在國際貿易方面,台灣對於參加跨太平洋夥伴協定有迫切需求,希望至少能參與第二輪協商。為此,我已經設立了一個TPP特別小組,探討加入TPP涉及貿易自由化的各重要層面問題。所討論的內容包括:結構調整與改革的需求、遵守國際標準的範疇、法規與行政程序的合理簡化,以及對特定產業的投資。我們希望確保台灣能有效的面對全球化挑戰。

I would like to thank the U.S. government for expressing welcome to Taiwan's interest. Here I would also like to reiterate that I am determined for Taiwan to be ready for the TPP.
在此,我要感謝美國政府對台灣有意願參與TPP表示歡迎之意;也要重申,我有決心讓台灣做好加入TPP的各項準備工作。
  • Social safety net 社會安全網
When the economy grows, the Taiwan government will be equipped with more resources to invest in social infrastructure. The DPP has unveiled a plan to create a new community-based social safety net, and has inaugurated the plan in some of the local governments under our administration. I also plan to invest in social housing as well as long-term senior care systems. These are highly demanded in Taiwan as it moves to an aging society.
經濟成長可以讓台灣政府有更多的資源進行社會基礎建設投資。民進黨已楬櫫一個以社區為基礎的社會安全網計劃,並已在部分執政縣市開始實施。我也計劃進行社會住宅及長照體系的投資。

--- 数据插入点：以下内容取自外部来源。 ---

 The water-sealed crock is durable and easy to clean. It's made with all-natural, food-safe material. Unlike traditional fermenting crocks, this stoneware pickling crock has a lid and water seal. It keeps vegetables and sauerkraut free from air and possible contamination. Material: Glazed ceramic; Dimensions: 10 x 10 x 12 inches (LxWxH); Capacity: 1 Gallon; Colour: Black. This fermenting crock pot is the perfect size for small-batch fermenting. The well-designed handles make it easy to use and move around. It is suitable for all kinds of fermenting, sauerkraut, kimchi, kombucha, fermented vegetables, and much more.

這些都是台灣走向高齡社會的迫切需求。
Here I would like to stress that investment in the social safety net is not just welfare spending; it will make good economic sense by meeting local demand and generating local job opportunities.

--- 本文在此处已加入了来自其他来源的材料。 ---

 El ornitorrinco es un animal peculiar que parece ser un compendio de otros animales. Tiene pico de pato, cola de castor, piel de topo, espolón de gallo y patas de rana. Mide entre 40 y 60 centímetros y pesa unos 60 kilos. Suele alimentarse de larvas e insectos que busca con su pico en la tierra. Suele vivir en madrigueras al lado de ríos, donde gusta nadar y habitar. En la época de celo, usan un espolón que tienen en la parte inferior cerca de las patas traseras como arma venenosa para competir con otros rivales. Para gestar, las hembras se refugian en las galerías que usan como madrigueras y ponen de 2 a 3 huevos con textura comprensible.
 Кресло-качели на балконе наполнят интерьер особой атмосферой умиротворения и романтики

在此特別強調,對社會安全網的投資並不只是福利支出;也可以在經濟上符合在地需求並創造在地就業機會。
For Taiwan's economy to be more competitive and our democracy stronger we need to build a military capable of safeguarding the country and maintaining peace. We should also help shape a friendly regional environment by making meaningful contributions to international affairs. Needless to say, a critical component is a need to maintain a peaceful and stable relationship with China.
為讓台灣經濟更有競爭力,同時強化民主,我們必須建立能夠捍衛國家、維持和平的國軍,我們也應該藉由對國際事務有意義的貢獻,來協助塑造一個友善的區域環境。當然,能夠維持和中國之間的和平穩定關係是其中關鍵的一環。
  • Defense 國防
On defense, to be a reliable partner on regional security, it is my firm belief that proper investment in credible deterrence is the key. In light of the increasing military and security threat that Taiwan faces, developing asymmetric capabilities that involve enhanced military relations with friendly forces, well-trained military personnel in a modern force structure, and acquisition of necessary defense equipment are essential components of our deterrent strategy.

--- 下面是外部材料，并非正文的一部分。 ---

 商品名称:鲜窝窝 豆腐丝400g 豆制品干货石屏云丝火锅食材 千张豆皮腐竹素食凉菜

在國防事務上,我堅信,台灣要成為在區域安全中的可信頼的伙伴,適度投資於有效嚇阻是重要關鍵。面對日益增加的軍事安全威脅,台灣發展不對稱作戰能力,是嚇阻戰略的重要原素,具體做法包括和友好國家強化軍事合作關係,現代化軍隊的精良人員訓練,以及採購必要的防衛裝備。

The transition to a voluntary military force has its challenges. I am committed to securing the resources necessary to provide adequate training and education for the active and reserve forces, so that there is not only a high degree of professionalism among the services, but also a quality connection between their military service and job careers.
過渡到募兵制是一項挑戰,我有決心為現役及後備部隊提供必要的訓練和教育,不僅將使軍隊高度專業化,也讓服役和退役後的就業能夠良好銜接。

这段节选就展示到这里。